Inside there is a fire burning so bright,
I want to let people inside, to see the light,
But their deciet and their lies brings out my Dark side,
And just makes me want to run and hide,
Because of all of the rage and pain that I feel,
The past comes back to haunt me, and it seems too real,
It doesn't matter what the ignorant people say,
My past has made me the Man I am today,
I'll pick myself back up and carry on,
Because all of this pain and hurt has just made me strong,
All my life I've been living like a wolf among sheep,
Why didn't my father tell me the slope of life was so steep,
I have walked this path by myself it has felt for so long,
And now, having this love from my Girls, I feel like King Kong,
On top of the World, fighting off evil up in the skies,
Just trying to protect my Love and my Heart, from the pain and their lies,
And show them that World can be a beautiful place,
When you can look through all the people that have two faces,
There is good in this World underneath all the filth,
Finding the right path through this is the true test to ones self,
Now that I'm grown and the more that I see,
That people seem quite happy to live in their misery,
And to live in glass houses and always throw stones,
Only in time maybe, they'll realise that they have no thrones.

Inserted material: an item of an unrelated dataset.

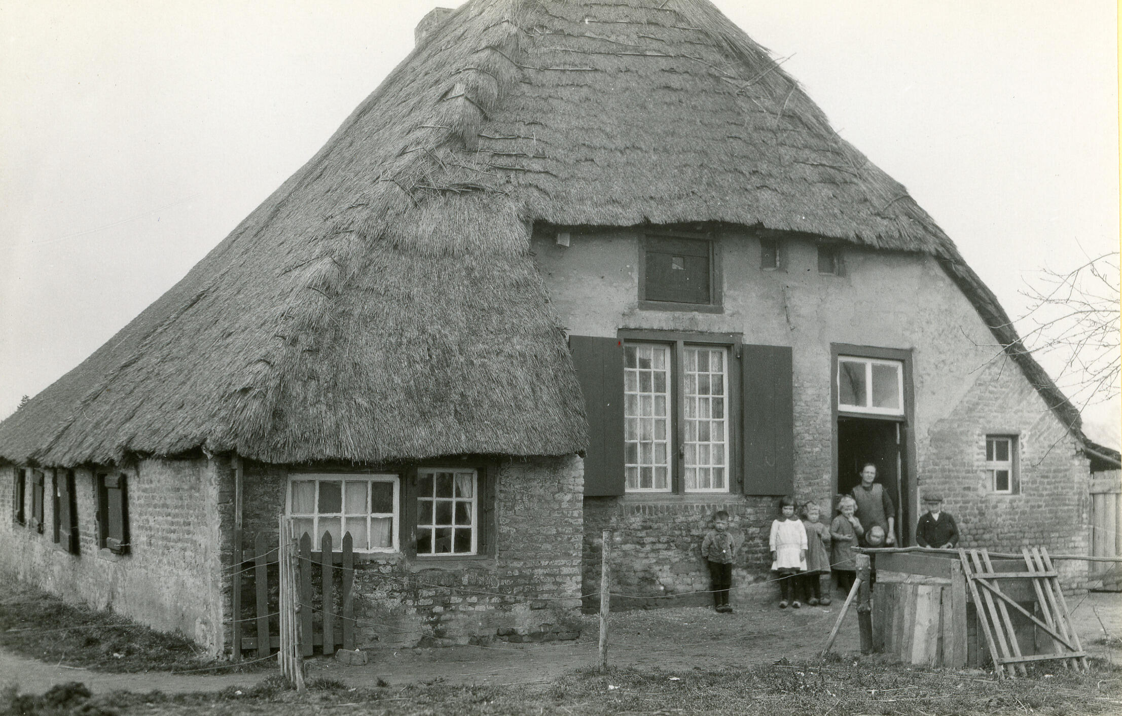 Voorzijde van een boerderij in Gemert. Bij de deuropening poseren een vrouw en zes kinderen.

So to the point and I guess what I am trying to say,
Is that in Death who knows the true price that we will pay,
For all the wrong doings, for all our evil thoughts,
How will we be Judged when we face the next Worlds courts,
I can just try to do the best job that I can,
At trying to grow, to learn how to become a better man,
And to show my beautiful Girls,my Love, my Family,
That our Light, our Love, will shine on, through life's wonderful mystery.

Author's Notes/Comments: 

written by,
BullLion.
25th August 2012.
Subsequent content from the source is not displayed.